The show was full of surprises, though. Reggaeton god Tego Calderón showed up to perform their excellent collabo, "Trust," followed by a mini-set of his own, including "Wasa Wasa." When '90s bachata innovators Luis Vargas and Antony "El Mayimbe" Santos, former rivals, dropped in for a thrilling, 45-minute-long trade-off/battle of their classics, the stadium experienced a collective heart attack, with even Santos doing the yes fist pump to emphasize his enthusiasm. He should have been. Though they've joined him onstage before to perform their collaboration "Debate de 4" (sans Raulín Rodríguez), this was clearly a public torch-passing, elders crowning their successor. The contrast in their styles showed how bachata has evolved, their songs more streamlined and compact and Romeo's flusher and more honey-gooey; Vargas and Antony Santos in suits, Romeo in crispy sneakers and a sleeveless button-down. (Midway through, there was a costume change, of course.) Santos' popularity is not just rooted in #Latinopower but in his massive multigenerational appeal — abuelas and tweens came out in equal force, entire families screaming along "Arriba arriba!" from the nosebleeds. Who else has the draw to bring out your grandma? Beyoncé? Madonna? Maybe, but not like that. The Yankees themselves are probably the closest analogy, and the last time the New York Times featured the Stadium on its front page.
Perhaps to emphasize his cross-generational appeal, the evening's most exciting cameo was the emergence of Fefita la Grande, a.k.a. "La Vieja Fefa," the celebrated 90-year-old merengue accordionist who is still an innovator in the style of tipica. She alternately slayed her instrument, sang and grinded on Santos, embellishing their merengue dance with through-the-legs moves before jumping on him, her tiny legs cradling his waist, while wearing black jeans with sparkles on the butt. Who wouldn't?

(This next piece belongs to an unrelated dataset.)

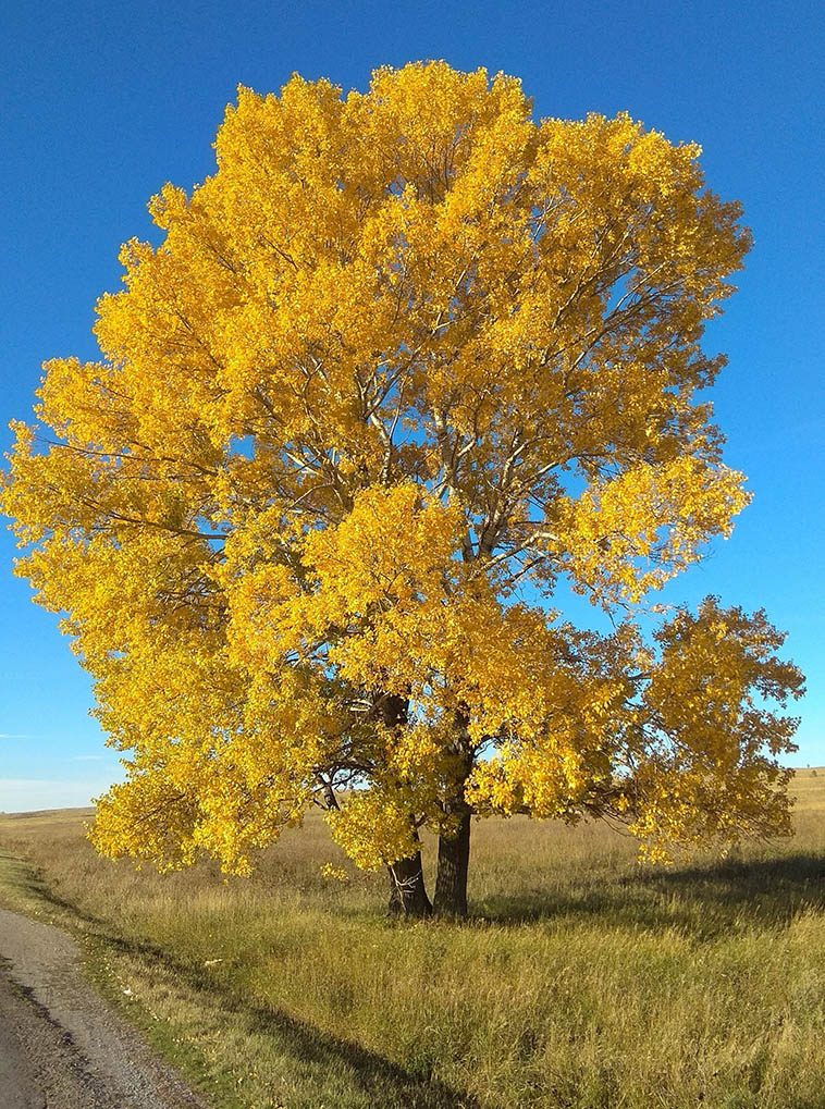 16. Это дерево выглядит так ярко, словно его листья сделаны из чистого золота. На фоне голубого неба это особенно красиво.

But it was Santos' finale that emphasized his persona, and exemplified why he is such a superstar. For his performance of the salacious and extremely popular "Propuesta Indecente," he brought out a woman to serenade her, but before he hit the second verse, they had moved to a king-sized prop bed. He sang the latter half of the song from under the red velvet comforter, throwing a bra from the blanket in case anyone missed the point. The crowd, tittering and titillated, screamed "Ro-me-o!" into the night.